Beginning with version 2.0.9 Maven orders your dependencies in the same way they are listed in your pom. That being said, once you start merging dependencies in from profiles it all becomes non-trivial. You might want to check your effective pom to see how the order looks:
mvn help:effective-pom -Pprofile
If it comes out badly then one way around would be to use the dependency:build-classpath. Another solution would be to use scopes instead of profiles to perform the inclusion.
Starting with Maven 2.0.9, the natural order of dependencies is indeed preserved when building the classpath as mentioned in the release notes of 2.0.9:
MNG-1412 / MNG-3111 introduced deterministic ordering of dependencies on the classpath. In the past, natural set ordering was used and this lead to odd results. The ordering is now preserved from your pom, with dependencies added by inheritence added last. In builds that had conflicting or duplicate dependencies, this may introduce a change to the output. In short, if you have weird issues with 2.0.9, take a look at the dependencies to see if you have conflicts somewhere.
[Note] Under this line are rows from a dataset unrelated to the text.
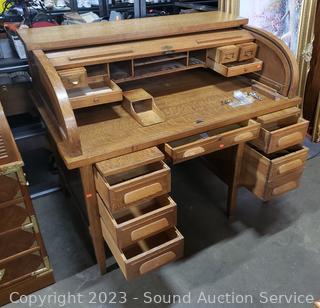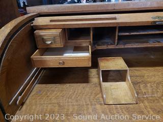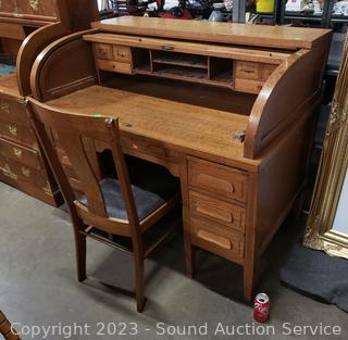 Lot #0061: Vintage Quarter Sawn Oak Rolltop Desk w/Chair
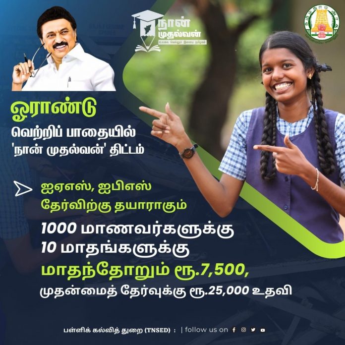 உயர் கல்வியில் அடியெடுத்து வைக்கும் பொறியியல், கலை மற்றும் அறிவியல் கல்லூரி மாணவர்கள் அனைவரும், இன்றைய தொழில் துறைக்கு தேவையான நவீன திறன்களை கற்றுணர்ந்து அவர்களது துறைகளில் வெற்றி பெற ஏதுவாக முதலமைச்சர் அவர்களால் 2022 ஆம் ஆண்டு மார்ச் மாதம் தொடங்கி வைக்கப்பட்ட மாபெரும் திறன் மேம்பாட்டிற்கான திட்டம் “நான் முதல்வன்” திட்டம் ஆகும்.
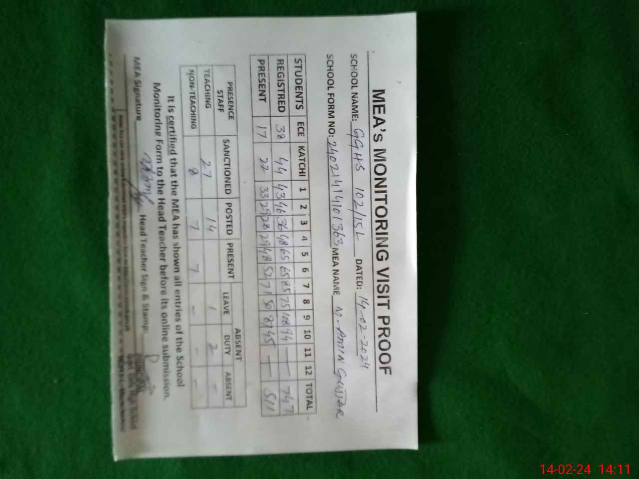 | Attendance Register | Head Teacher | MEA with School | Visit Proof |
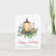Firmenfeiertag gefaltete Grußkarte mit einer Aquarellfarbe einer Weihnachtskerzenlatte in einer Anordnung von saisonalen Kiefern, Eukalyptusbeeren und Grünpflanzen. "Happy Holidays" ist in einem zeitgenössischen roten Drehbuch geschrieben und Sie können Ihren Gruß und den Namen Ihres Unternehmens in einfacher moderner Typografie personalisieren. Fügen Sie im Inneren eine zusätzliche Nachricht von Kundenzufriedenheit und Ihrem Firmenlogo hinzu.
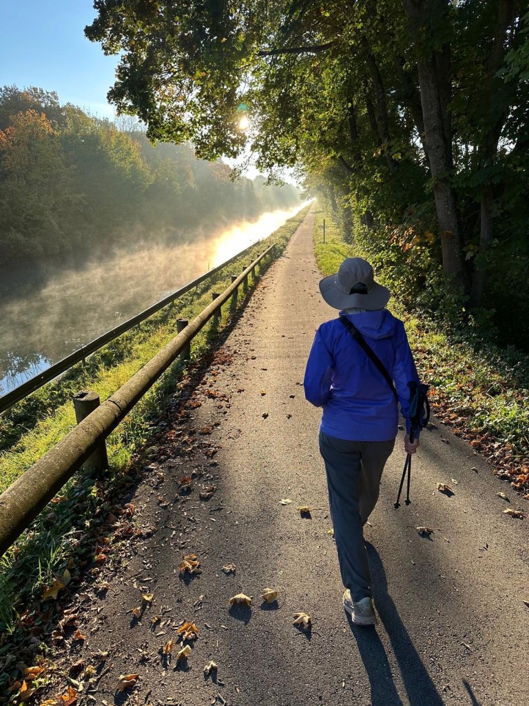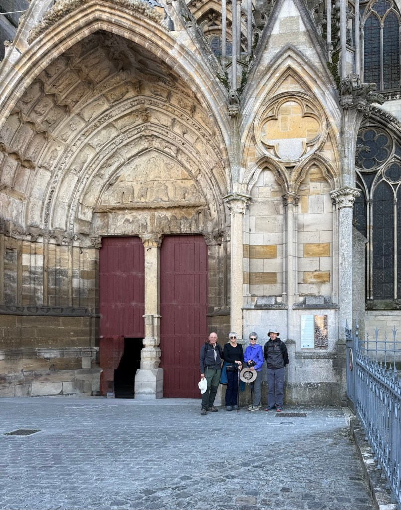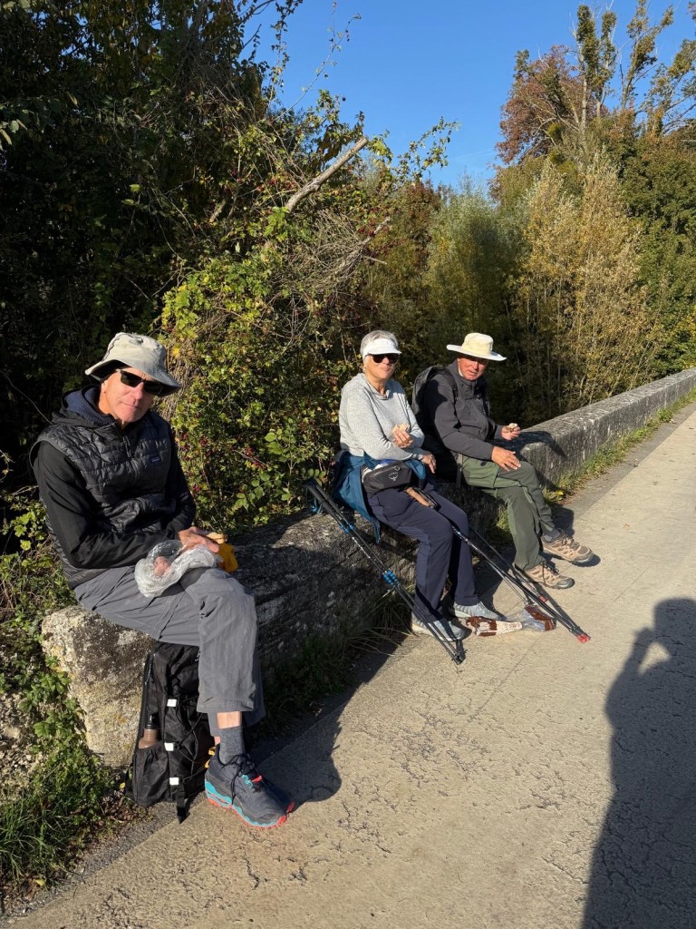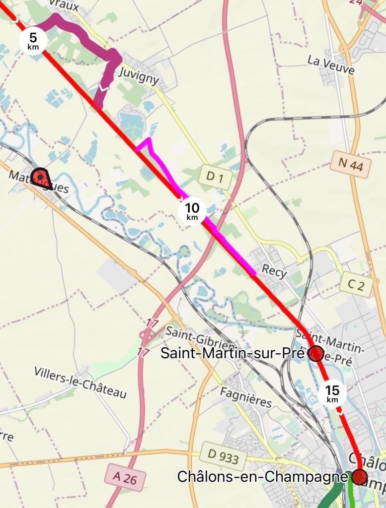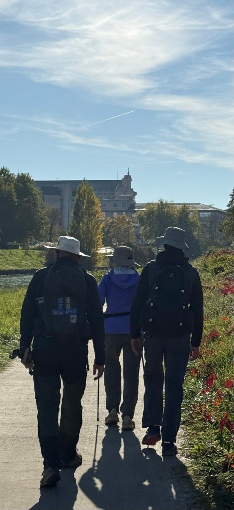 Our last day of hiking! After a chilly start (6C/43F) it was a beautiful day with blue skies, gentle breezes and easy walking. Because we had to return the cars yesterday our initial plan was to get an Uber to our starting point in Conde sur Marne… but there were no Ubers available. Plan B: hike to the Via, avoiding most of the main roads by following the tracks. This would bring us out about 6km into the route… but there was a big hunting party on the tracks and they advised us to stay on the roads. Plan C: we hiked the 2.5km of roads to join the Via near Juvigny, then continue the Via along the Canal Latéral à la Marne into Châlons en Champagne for a total hike of about 12.5km/7.8m.
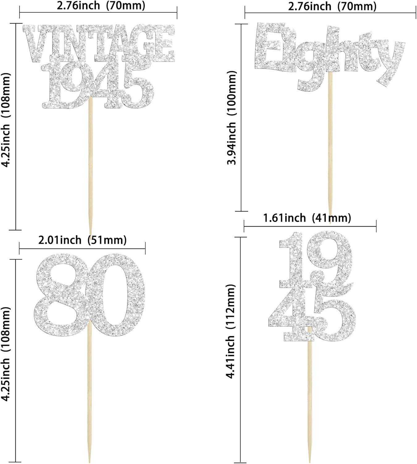 Gyufise 24Pcs 80th Birthday Cupcake Toppers Glitter Cheers to 80 Fabulous Eighty Vintage 1945 Cupcake Picks 80th Birthday Wedding Anniversary Party Cake Decorations Supplies Silver
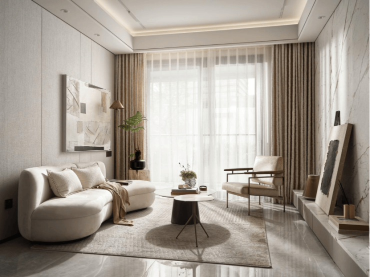 电视背景墙选用带有东方意蕴的万里河山石材,颜值超高!
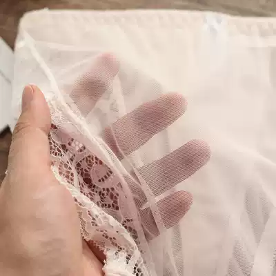 White four-legged underwear Women's Flat corner cotton crotch pants lace ultra-thin non-trace anti-light interior pants safety pants
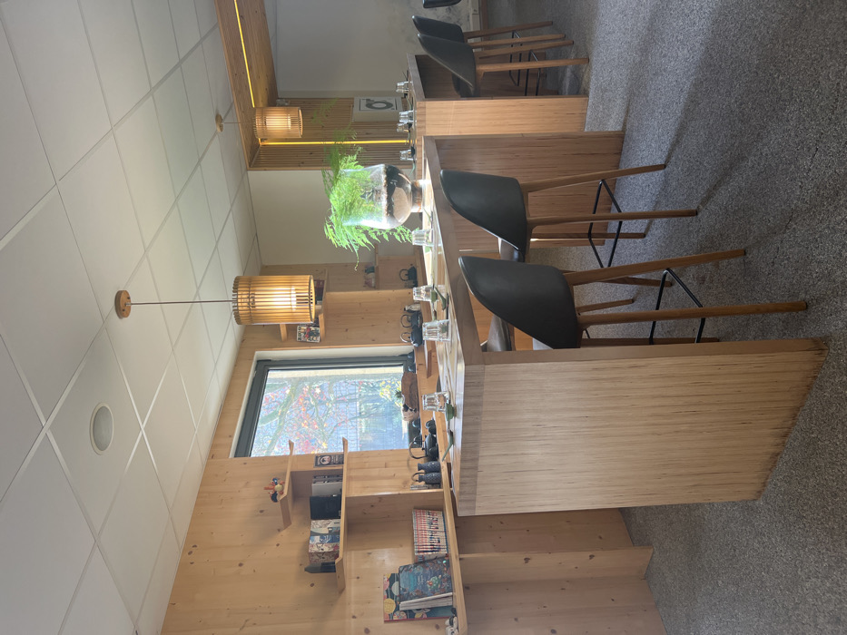 This is an interior view of a contemporary restaurant or tea house located in Villeneuve-d'Ascq, France. The scene depicts an unoccupied dining area characterized by a modern, minimalist design with a predominant use of light-colored wood. In the foreground and extending towards the background are two light wood, high-top communal tables or bars. The table in the foreground seats at least four individuals, with four dark gray upholstered bar stools with light wood legs and black metal footrests positioned around it. The table surface is set with multiple clear drinking glasses, small white bowls, and green spoon-like utensils. The walls are largely covered in light wood paneling, featuring integrated shelving units on the left side and beneath the window. These shelves display various objects, including books (some appearing to be manga), small decorative items, and a collection of black teapots and cups. A large rectangular window on the left wall offers a view of outdoor foliage with autumnal colors. Above the tables, two cylindrical pendant lights with wooden slat shades emit a warm, artificial light. The ceiling is a white grid tile ceiling, typical of commercial spaces, with recessed circular lights and speakers. On the back high-top table, a large, clear glass terrarium or vase containing vibrant green fern-like plants serves as a centerpiece. Additional place settings are visible on this table. The flooring is a dark gray speckled carpet or similar material. Natural light enters through the window, casting shadows on the floor. No individuals are present in the scene.
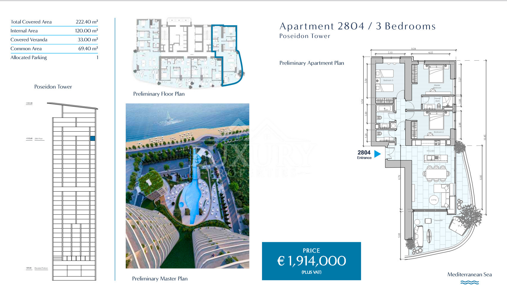 Generous layout for modern living: Total covered area 222.40 sqm (≈ 120 sqm internal, 33 sqm covered veranda, 69.40 sqm common areas) plus 1 covered, allocated parking. As one of the last available Limassol luxury properties in this landmark development, it presents a rare, time-sensitive investment in the Limassol Marina district.
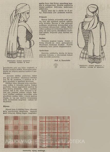 A. Tamošaičio straipsnis apie aukštaičių tautinį kostiumą (straipsnio pradžia). Jaunasis ūkininkas.-1938, nr. 3, p. 37.
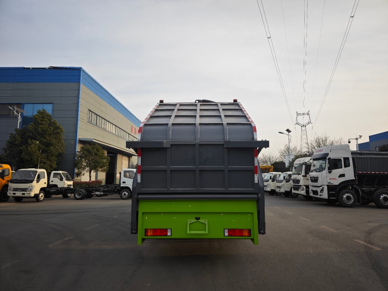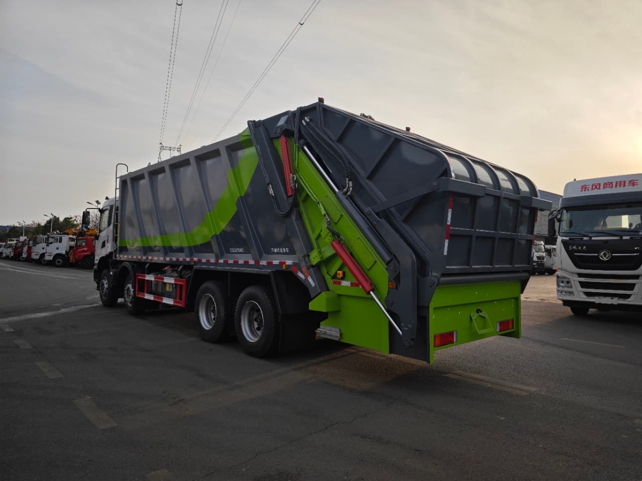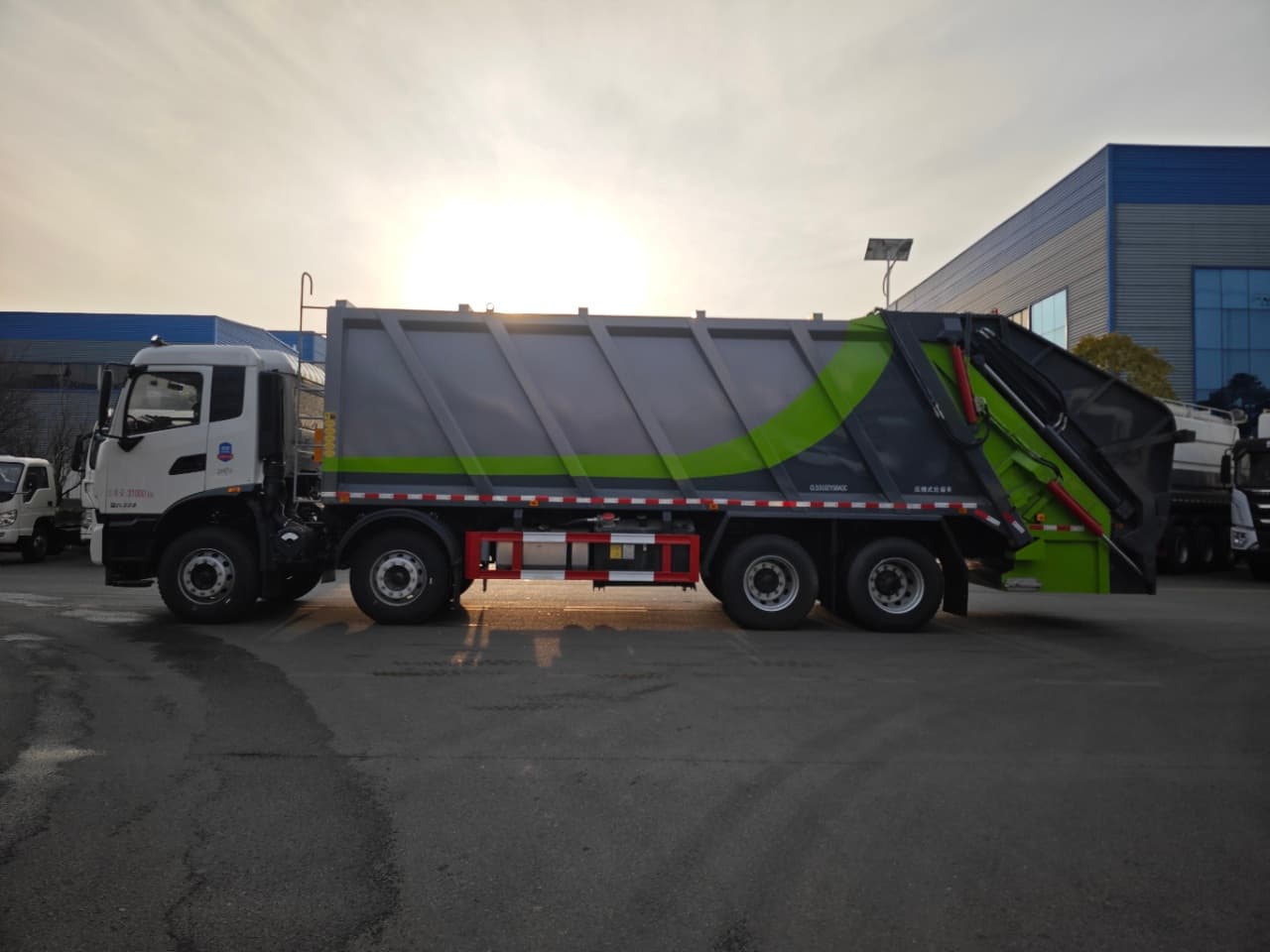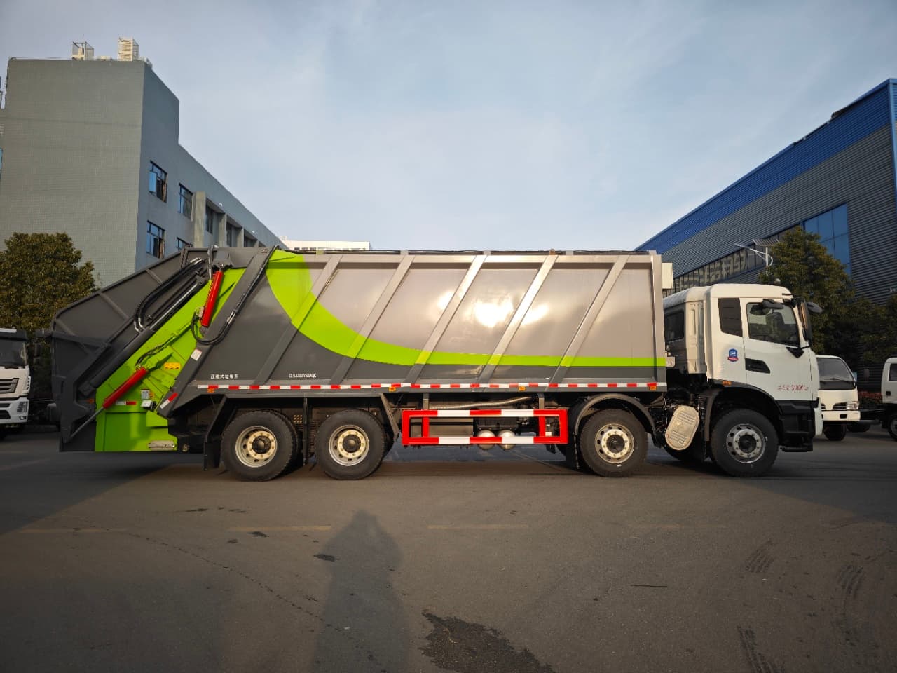 上装配置:箱体容积约33方,全车采用Q355高强度耐磨板,箱体边5底6制作,填充器边板6mm底10mm厚,滑板、滑道20mm厚,上装电液配置:取力器,双联泵,多路阀,平衡阀,压缩阀,截流阀,压油缸(所有油缸经过调质处理,带缓冲),高压油管,高压钢管,液压油箱带3次过虑虑网,所有油缸轴销经过淬火处理,增加硬度不易弯曲断裂, CAN勘总线智能屏一键操作系统,带无线遥控,系统程序可根据用户使用条件需求在智能屏上自行设置,可自行设置自动运行转换时间,油门控制大小,带自动故障检测,报警提示功能,其它标配。

So by playing on the order of dependencies in the POM, you can actually manipulate the classpath (this may become a bit more tricky when playing with profiles but, as you didn't provide details on the actual problem, it's hard to give more guidance).
I have rolled back the hack which using active profile above, because found more elegant way to solve my problem.
Source of the problem was transitive dependency due using of some my testutils module with compile scope dependency on JUnit (which have to be after JMockit in classpath), while in the parent POM test dependencies was defined as bellow:
...
<dependencies>
<dependency>
<groupId>mockit</groupId>
<artifactId>jmockit</artifactId>
<version>0.994</version>
<scope>test</scope>
</dependency>
<dependency>
<groupId>junit</groupId>
<artifactId>junit</artifactId>
<version>4.7</version>
<scope>test</scope>
</dependency>
</dependencies>
...
<profiles>
<profile>
<id>coverage</id>
<dependencies>
<dependency>
<groupId>mockit</groupId>
<artifactId>jmockit-coverage</artifactId>
<version>0.994</version>
<scope>test</scope>
</dependency>
</dependencies>
</profile>
...
The found solution was replacing JUnit scope from test to provided.
Is it better trick?
Sorry for to many answers on own question...
But now no need any trick with maven deps, because running of jmockit-coverage now can be configured by system property. See release notes of 0.955 version and related issue 22.